DLA The GP indicates that for DLAs, the appellant is continuously restricted with all DLA except basic housework and moving about indoors and outdoors. Assistance needed is described as help from family with cooking, meals, shopping, finances need to be managed by family. The GP also comments under the degree of restriction, that decreased executive functioning affects cooking & meal prep, shopping, finances and meds. The Appellant is unable to operate a motor vehicle and relies on others to assist is mobility to appointments, shopping or other functions. Cognitive difficulty with communication due to short term memory loss and needs assistance with histories from family members. The AR indicates that the appellant is independent in the area of Personal Care and Basic housekeeping. The Appellant required continuous assistance—"requires constant prompting/reminding of appropriate choice/payment.” with shopping and financial matters. The appellant requires periodic assistance with meal preparation. The appellant has somewhere between marginal and very disrupted functioning with his immediate social network and marginal functioning with his extended social network and he is unable to handle crowds. In the Appellants self-reporting he states: Forgets to take medication Has woken up in the mornings without memory of opening windows, doors, standing on a ladder 25 feet up while in darkness or has woken up standing in a bush. Unable to be around kids. Violent outburst of anger Unable to manager money or pay bills Locked himself out of his house or car. Attended doctors appointment without memory of why he was there or missed appointments. Becomes confused very easily Has cooked since the age of 10 years and now there are days when I have trouble making soup. Unable to be around large crowds or people or kids. On April 20, 2016 he woke up at 6 AM in the States (USA) and until 10:30 AM I could not remember anything. The ministry did not provide additional evidence on appeal, and relied on its reconsideration decision. .

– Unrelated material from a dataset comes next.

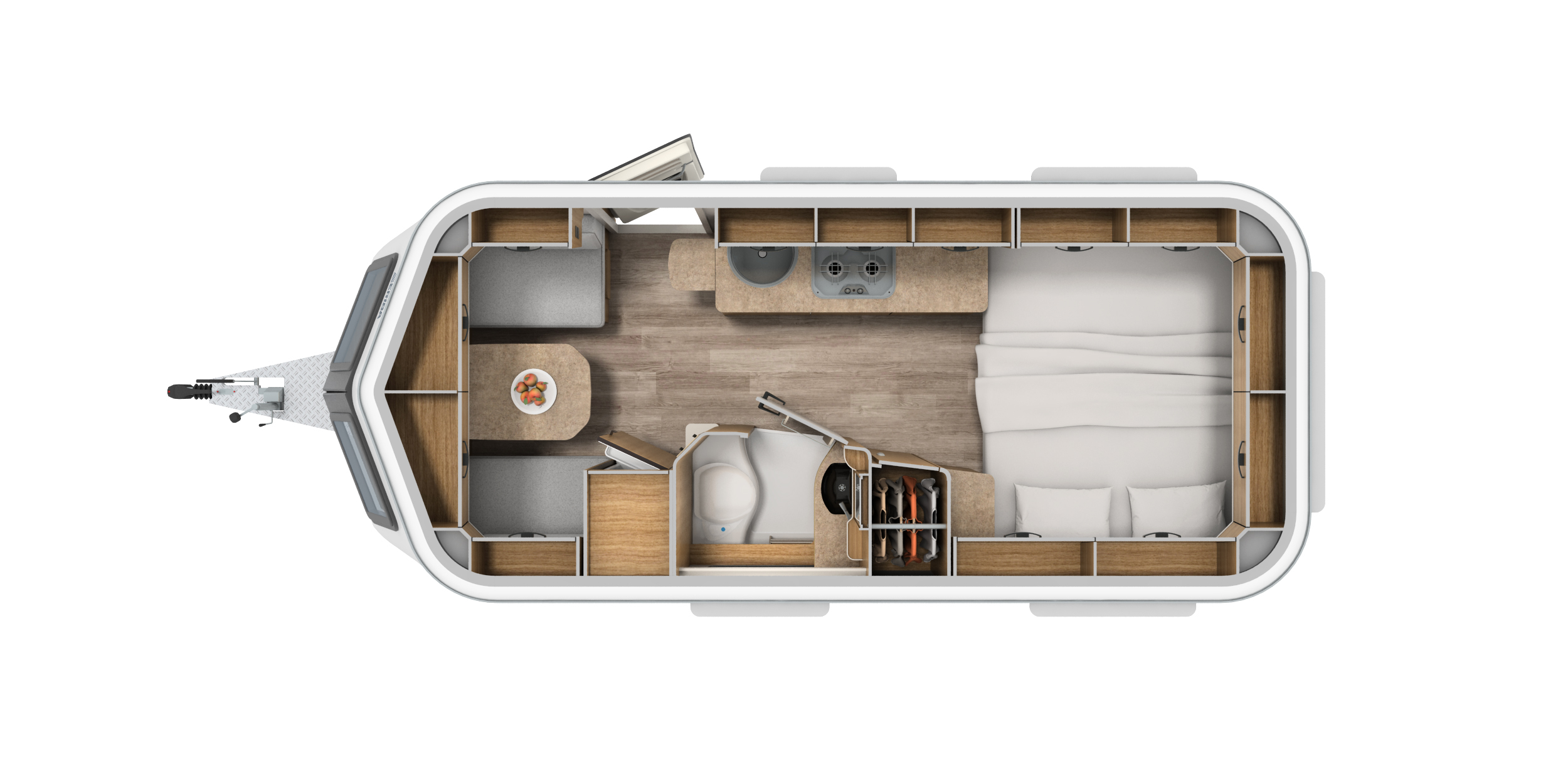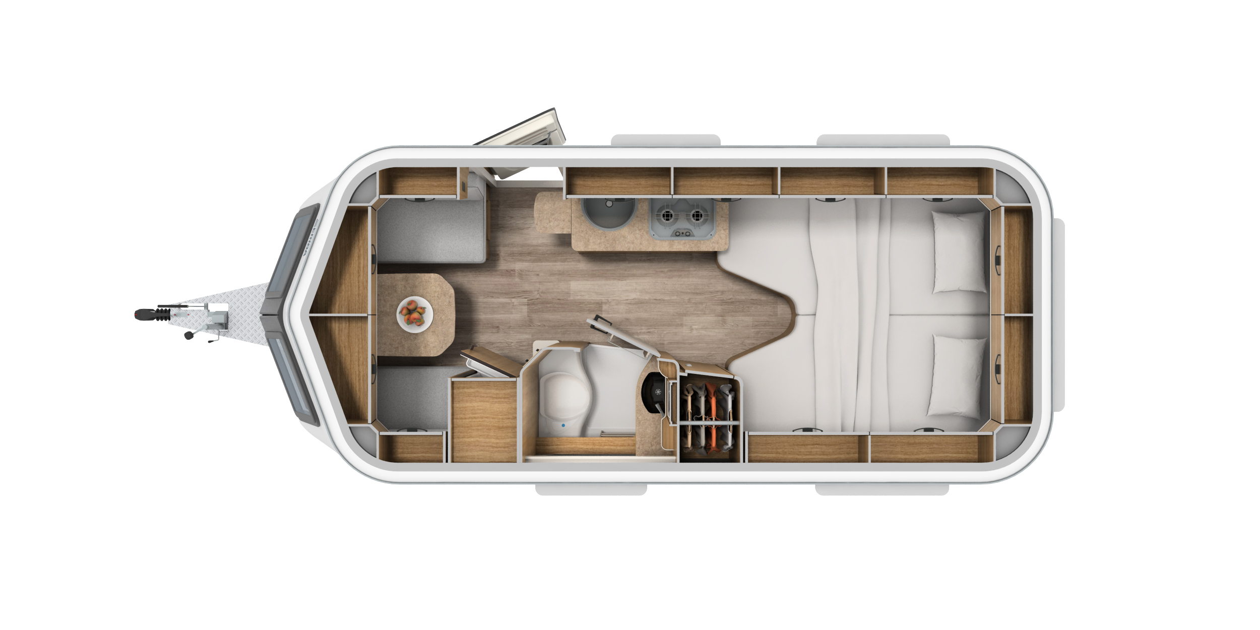 Komplementiert wird die Eriba Touring Serie zudem mit zwei neuen Grundrissen. Der Touring 630 und 642 bieten das für Touringmodelle so typische Wohngefühl, viel Stauraum, eine komfortable Stehhöhe sowie ein geringes Eigengewicht und stellen damit die idealen Begleiter dar. Der Touring 630 verfügt über ein Querbett im Heck mit einer Liegefläche von 155 x 205 cm, im 642er findet sich ein Längsbett mit einer Liegefläche von 200/210 x 205 cm. Dank optionalem Schlafdach, welches beide Modelle mit einer Liegefläche von 200 x 138 cm ergänzt, wird die Schlafkapazität auf bis zu fünf Personen erweitert und bietet so Platz für die ganze Familie. Damit auch alle versorgt sind, kommen die neuen Tourings mit einem großen Kühlschrank mit 133 Liter Fassungsvermögen. So wird die Verpflegung auf Reisen zum Kinderspiel. Extra Stauraum findet sich zudem unter den Betten, dank Verzurrmöglichkeit kann hier auch sperriges Gepäck gut gesichert werden.

PART F Reasons for Panel Decision Issue on Appeal The issue on appeal is whether the ministrys decision to deny the appellant designation as a PWD was reasonably supported by the evidence or was a reasonable application of the applicable enactment in the circumstances of the appellant. In particular, was the ministry reasonable in determining that: The appellant did not have a severe physical or mental impairment. the appellants daily living activities (DLA), in the opinion of a prescribed professional, were not directly and significantly restricted and as a result of those restrictions, the appellant does not require help to perform his DLA Relevant Legislation EAPWDA 2 (1) In this section: "assistive device" means a device designed to enable a person to perform a daily living activity that, because of a severe mental or physical impairment, the person is unable to perform; "daily living activity" has the prescribed meaning; "prescribed professional" has the prescribed meaning. (2) The minister may designate a person who has reached 18 years of age as a person with disabilities for the purposes of this Act if the minister is satisfied that the person has a severe mental or physical impairment that (a) in the opinion of a medical practitioner is likely to continue for at least 2 years, and (b) in the opinion of a prescribed professional (i) directly and significantly restricts the person's ability to perform daily living activities either (A) continuously, or (B) periodically for extended periods, and (ii) as a result of those restrictions, the person requires help to perform those activities. (3) For the purposes of subsection (2), (a) a person who has a severe mental impairment includes a person with a mental disorder, and (b) a person requires help in relation to a daily living activity if, in order to perform it, the person requires (i) an assistive device, (ii) the significant help or supervision of another person, or (iii) the services of an assistance animal. (4) The minister may rescind a designation under subsection (2).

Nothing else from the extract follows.